Let's start with the storage option aptly named Azure storage. Azure storage is an extremely flexible and massively scalable storage platform and it's a fundamental building block for Azure.
As an example of how it's fundamental for IaaS VM's the virtual hard disks are stored in Azure storage. You can use Azure storage to store up to 500 terabytes of data and it can handle up to 20,000 IO operations per second and it's elastic which ensure consistent performance.
By default, Azure storage is resilient so it creates three replicas inside of a region. Plus you can enable geo-replication to the paired region. Geo-replication by default is for disaster recovery since replicated data isn't accessible. It only becomes available if Microsoft initiates a failover.

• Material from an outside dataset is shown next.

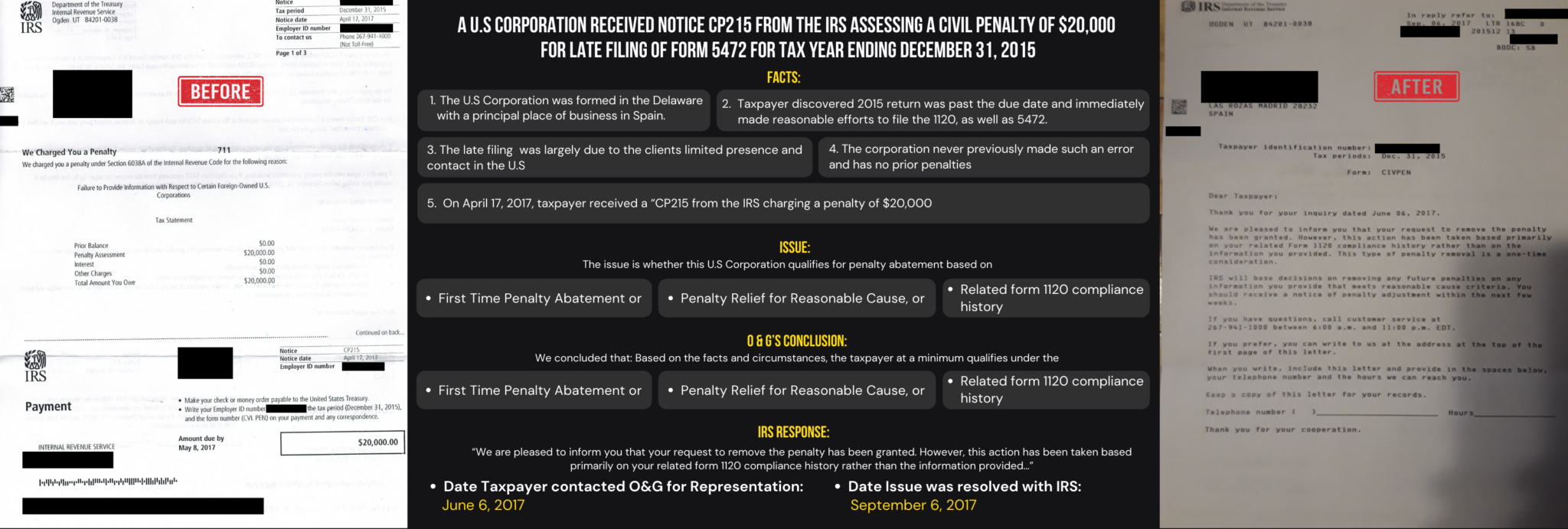 A U.S Corporation received Notice CP215 from the IRS assessing a civil penalty of $20,000 for late filing of Form 5472 For Tax Year Ending December 31, 2015

However, you can use red-only geo-replication and this will, as the name suggests, allow you to use those replicas for read-only access. And that can provide lower latency for end users. You can interact with Azure storage via a REST API and any of the libraries that are built on top of it.
So let's look into some of the different storage options that are built into Azure storage. Let's start off with blob storage. Azure blob storage allows you to store unstructured data in the cloud as blobs or objects. blob storage can store any type of text of binary data such as documents, pictures, videos, backups, et cetera. You can think of it as kind of a file system in the cloud.
blobs are available in two tiers, hot which is optimized for storing data that is accessed frequently and cool, which is optimized for storing data that is infrequently accessed and long lived. This diagram shows how blobs fit into the storage hierarchy.
We first create a storage account and we create multiple containers to organize our data inside of it. A storage account can store up to 500 terabytes of data shared across all sub services. Inside each container you can then store multiple blobs.
In this example we have a storage account for movies then we have containers for different movie genres such as sci-fi, comedy, action, romance, et cetera. And then we can use this to store videos that fit into these genres. An Azure storage account provides us with a unique address so that you can store and access a set of Azure storage types.
When you create a storage account the name is selected which must be globally unique, is used to set the URL that we'll use to access that stored data. In the example here we created an account called movies storage account and this generates the url https://movies.storageaccount.blob.core.windows.net to access the blobs.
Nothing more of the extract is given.